In parallel, hospital-specific ICRA protocols control dust, airflow, and noise. Before any panel is opened or conduits are cut, the project ICRA matrix (ASHE ICRA 2.0 or facility standard) defines containment class, negative air requirements, HEPA filtration, anterooms, tack mats, and clean/dirty pathways. Penetrations are sealed with firestop systems rated to the assembly. All debris handling follows ICRA housekeeping checkpoints and terminal cleaning is verified prior to area turnover. Where silica or other particulates may be generated, respiratory protection follows OSHA 1910.134 and ICRA dictates wet methods, HEPA shrouded tools, and daily environmental monitoring.
A professional circuit breaker buyer with hospital experience streamlines this process and reduces risk. Their in-house, NFPA 70E–qualified technicians and riggers coordinate MOPs with Facilities, Clinical Engineering, and Infection Prevention; stage temporary power (cam-lock tap boxes, roll-up switchboards, or temporary ATS) to minimize outages; and provide full LOTO plans, Job Safety Analyses (JSA), and pre-task briefings. During removal, they de-energize, torque-verify per OEM specs, extract frames and draws, and protect assets for resale—crating Masterpact NW08H3, WL 3200 A frames, or EntelliGuard G 4000 A buckets with impact-resistant packaging and serialized chain-of-custody. Hazardous and universal wastes (e.g., mercury thermostats, old PCB-suspect capacitors, batteries) are segregated for compliant disposal.
Critically, logistics are choreographed to avoid patient-care disruptions: rigging routes avoid sterile corridors; elevator reservations and noise windows match clinical schedules; and clean equipment exits through negative-pressure containment with HEPA-scrubbed air. Documentation includes redline one-lines, breaker settings capture, arc-flash label updates, and turnover packages for Joint Commission readiness.
When bundled through a buyer’s demolition buyback program, the financial and operational advantages compound: monetized asset recovery offsets project costs while a single accountable party manages compliance, safety, and schedule.
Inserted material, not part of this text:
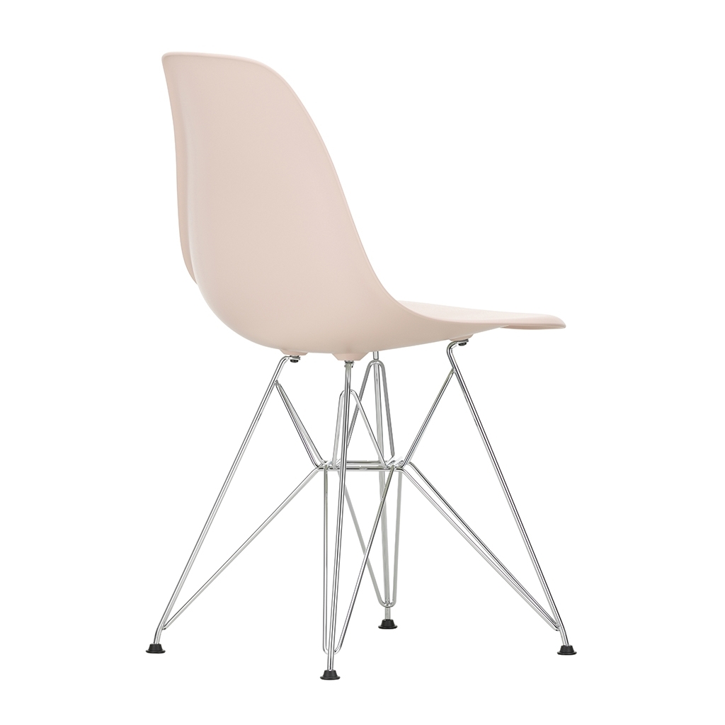 Designed in 1950 by iconic duo Charles and Ray Eames for Vitra, the DSR Plastic Side Chair in pale rose showcases the signature 'Eiffel' chrome base and features a refreshed colour palette that pays homage to the model's original colour history while acknowledging the aspirations of the future. Crafted from recyclable dyed-through polypropylene for greater comfort, the seat sits on a striking chromed wire base with cross struts and features rubber shock mounts to support longer periods of sitting down. The first industrially produced plastic chair, the DSR Chair has a simple and organic shape that has led to its legendary status and universal appeal. Updated in 2016, Vitra added 2cm to the height of the chair and revised the geometry of the seat for optimum ergonomics and comfort.

Learn more about our hospital-focused demolition buyback approach and how it keeps active care areas running while obsolete gear comes out safely.
The Financial Impact of Asset Recovery on Renovation Budgets
Hospital renovations are capital-intensive, especially when electrical scope expands to meet NEC 517 selective coordination, NFPA 99 essential systems, and arc-flash mitigation under NEC 240.87. One overlooked lever is monetizing the breakers and gear you’re removing. Turning surplus low-voltage power circuit breakers (LVPCBs), molded-case breakers (MCBs), ATSs, and MCC buckets into cash can materially offset contingencies, change orders, and owner-supplied equipment.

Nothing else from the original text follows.